Please return the listing below exactly, without any of its pictures.
-*-
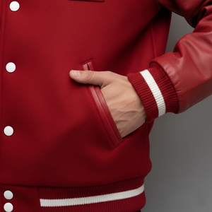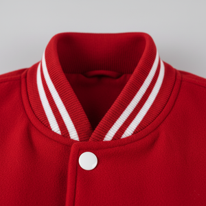 Rib-knit cuffs, collar, and waistband provide a snug fit, while the snap closure makes it easy to wear. Small details like these make a huge difference for comfort and style — common pain points for varsity jacket buyers.
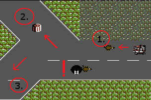 - Over the stone bridge the way leads directly to Timbone, shoot the gang car with double-rocket (press fire button 2x).
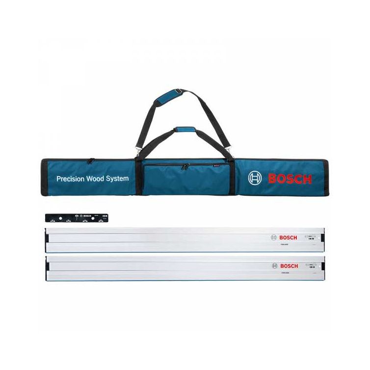 - Convenient 63" Tracks and Connector Kit – collected to get started with the Bosch Track Saw (sold separately), featuring two FSN1600 63" (1600mm) tracks, a FSNVEL connector, and a track bag
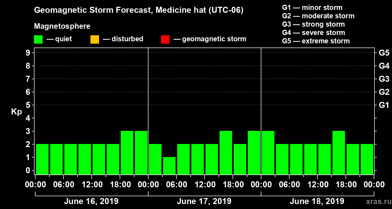 Geomagnetic storm forecast in Medicine hat for Jun 16, 2019
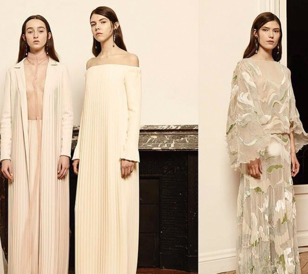 Il designer Pierpaolo Piccioli, direttore creativo della Maison, per l’estate riscopre la duttilità del plissè in modo esigente. Pur non essendo vistosa e sfacciata, la sua visione non teme di osare con la moda, ma lo fa in maniera equilibrata, senza ostentazioni. E lo fa rivisitando la più iconica creazione dell’eclettico Mariano Fortuny, la semplicissima tunica in seta plissettata Delphos che agli inzi del XX secolo rese immortali gli abiti delle dee dell’Olimpo. Un’infinità di minuscole piegoline su pepli dagli strati sovrapposti che hanno la capacità di trasformarci in affascinanti cariatidi.
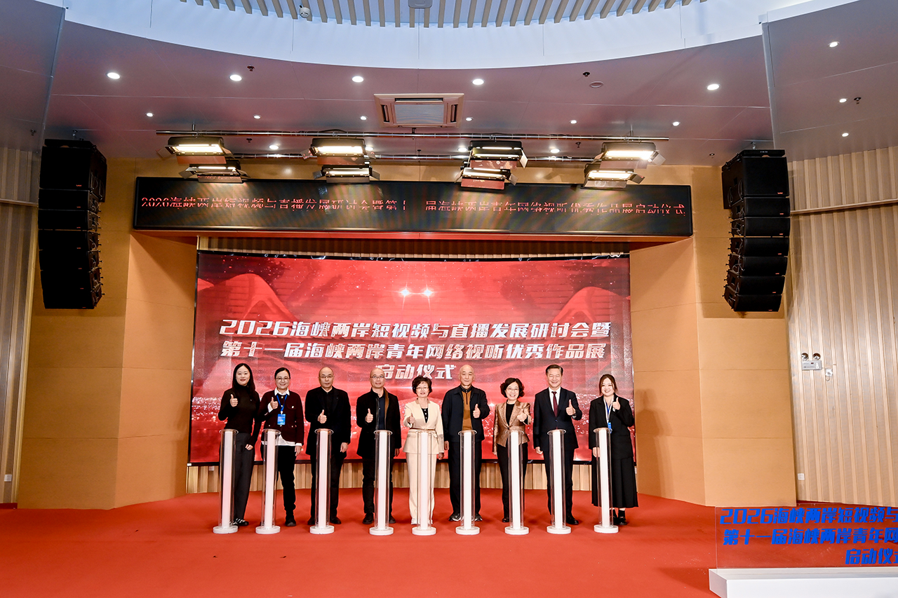 1月10日下午,2026海峡两岸短视频与直播发展研讨会暨第十一届海峡两岸青年网络视听优秀作品展启动仪式在华侨大学举行。91自拍论坛 党组成员、副局长张文珍,福建省广播电视与网络视听协会会长胡永新,福建省广播电视与网络视听协会副会长邱建宏,华侨大学校党委常委、宣传部部长、91自拍论坛-最新流出91自拍论坛官方直达页主任李庭志等出席活动,华侨大学、泉州师范学院等150余名师生参加活动。
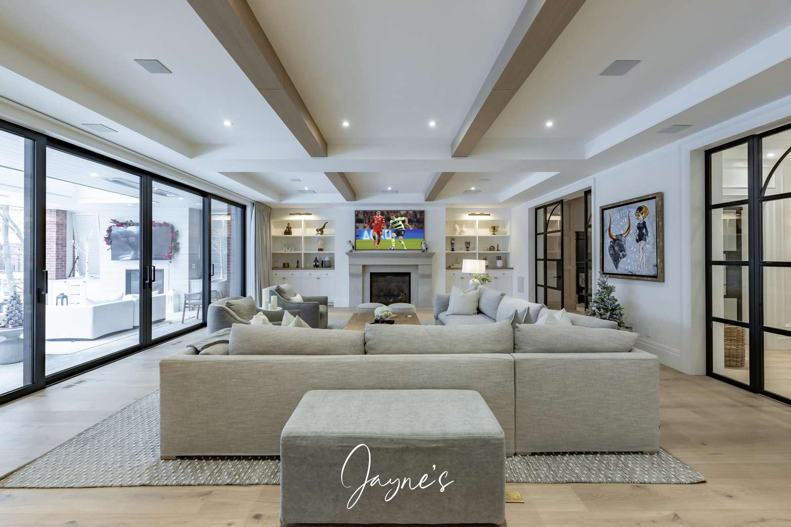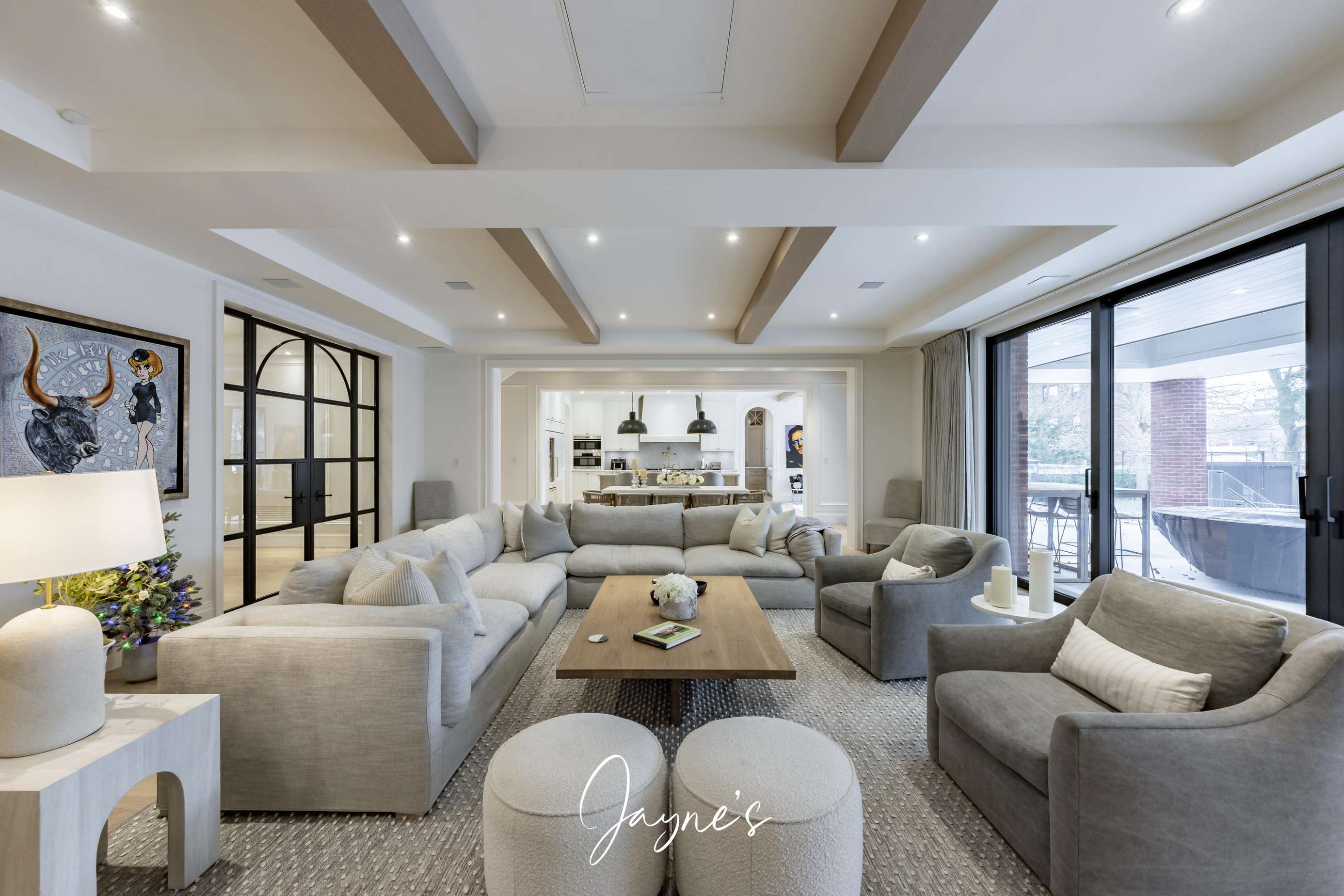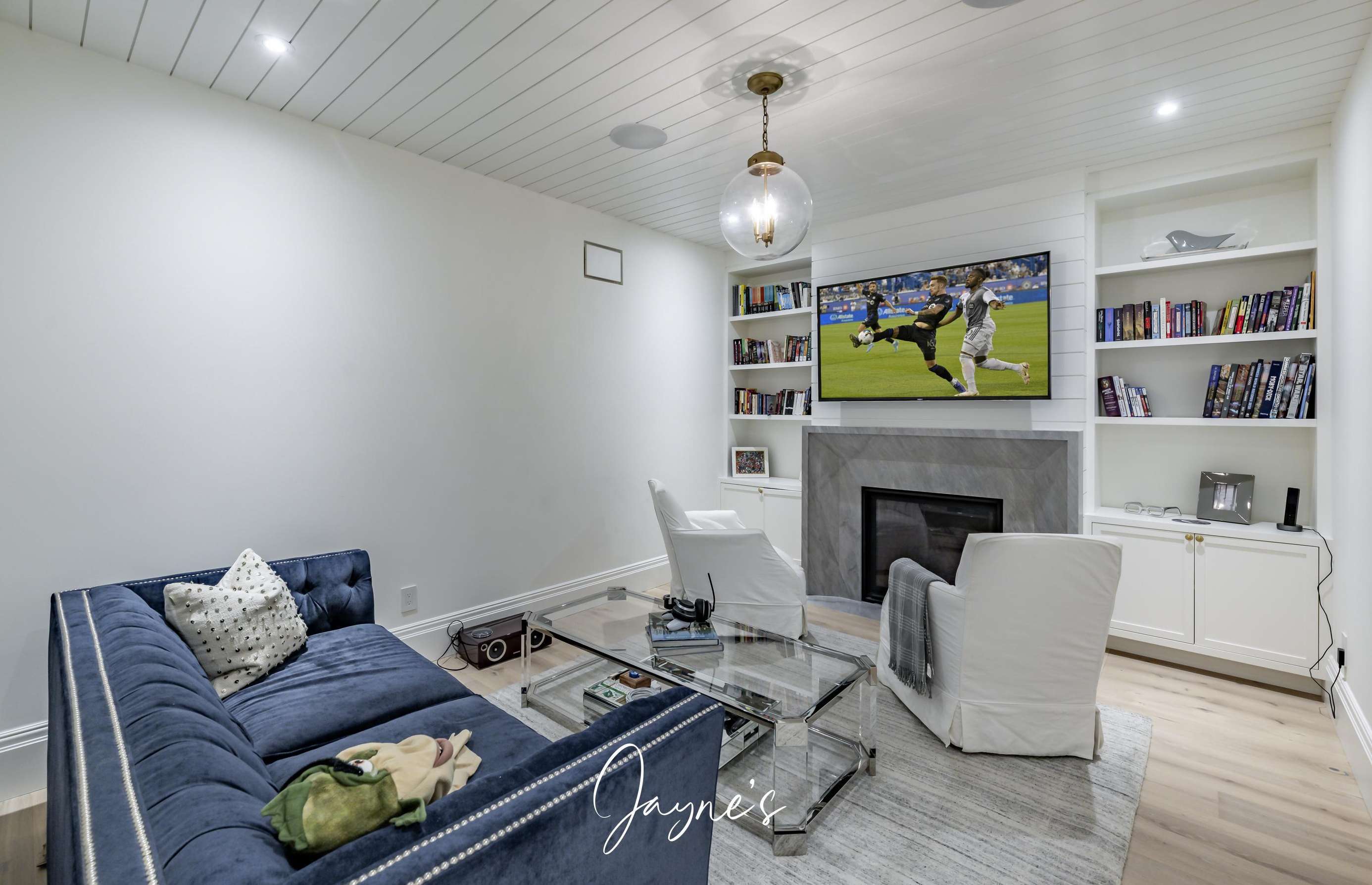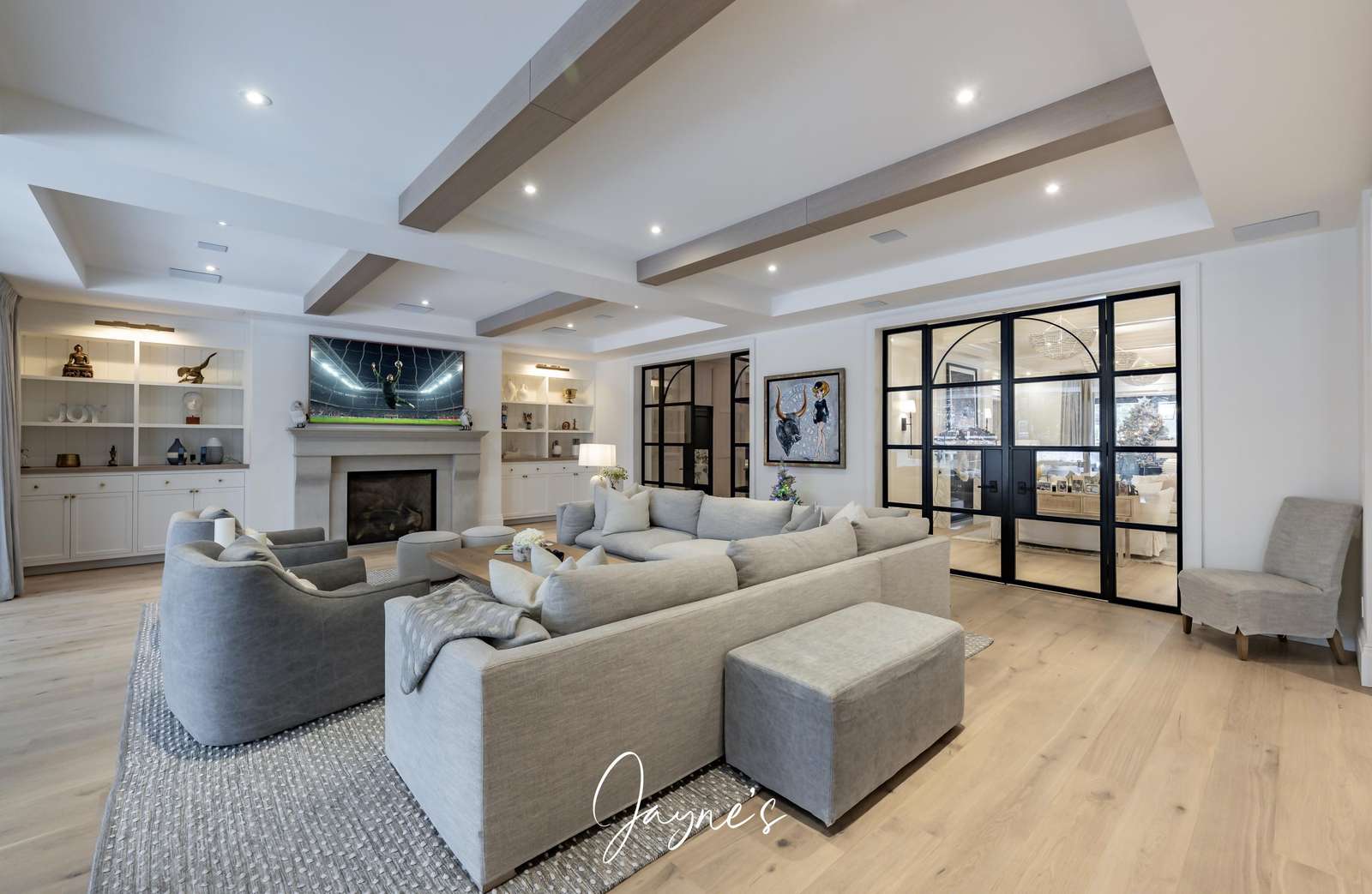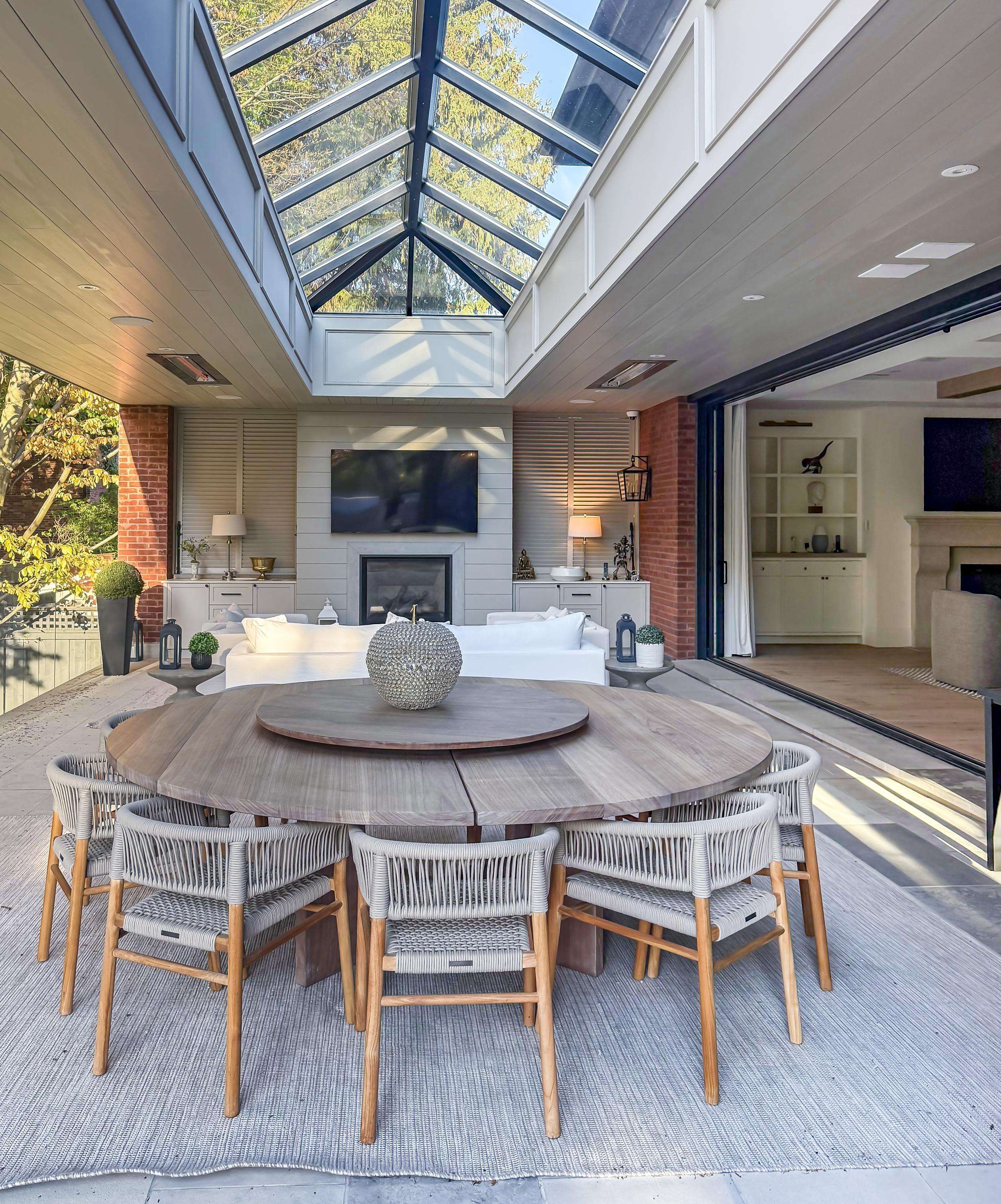 Features a gas fireplace and TV adorned by two built-ins on each side. Surrounded by plush seating, including two armchairs and an oversized sectional sofa. Accordion glass doors span the length of this room, and in the summer open up completely for a seamless transition between the Great Room and covered patio.
-*-
● **Reply**
 Rib-knit cuffs, collar, and waistband provide a snug fit, while the snap closure makes it easy to wear. Small details like these make a huge difference for comfort and style — common pain points for varsity jacket buyers.
 - Over the stone bridge the way leads directly to Timbone, shoot the gang car with double-rocket (press fire button 2x).
 - Convenient 63" Tracks and Connector Kit – collected to get started with the Bosch Track Saw (sold separately), featuring two FSN1600 63" (1600mm) tracks, a FSNVEL connector, and a track bag
 Geomagnetic storm forecast in Medicine hat for Jun 16, 2019
 Il designer Pierpaolo Piccioli, direttore creativo della Maison, per l’estate riscopre la duttilità del plissè in modo esigente. Pur non essendo vistosa e sfacciata, la sua visione non teme di osare con la moda, ma lo fa in maniera equilibrata, senza ostentazioni. E lo fa rivisitando la più iconica creazione dell’eclettico Mariano Fortuny, la semplicissima tunica in seta plissettata Delphos che agli inzi del XX secolo rese immortali gli abiti delle dee dell’Olimpo. Un’infinità di minuscole piegoline su pepli dagli strati sovrapposti che hanno la capacità di trasformarci in affascinanti cariatidi.
 1月10日下午,2026海峡两岸短视频与直播发展研讨会暨第十一届海峡两岸青年网络视听优秀作品展启动仪式在华侨大学举行。91自拍论坛 党组成员、副局长张文珍,福建省广播电视与网络视听协会会长胡永新,福建省广播电视与网络视听协会副会长邱建宏,华侨大学校党委常委、宣传部部长、91自拍论坛-最新流出91自拍论坛官方直达页主任李庭志等出席活动,华侨大学、泉州师范学院等150余名师生参加活动。
 Features a gas fireplace and TV adorned by two built-ins on each side. Surrounded by plush seating, including two armchairs and an oversized sectional sofa. Accordion glass doors span the length of this room, and in the summer open up completely for a seamless transition between the Great Room and covered patio.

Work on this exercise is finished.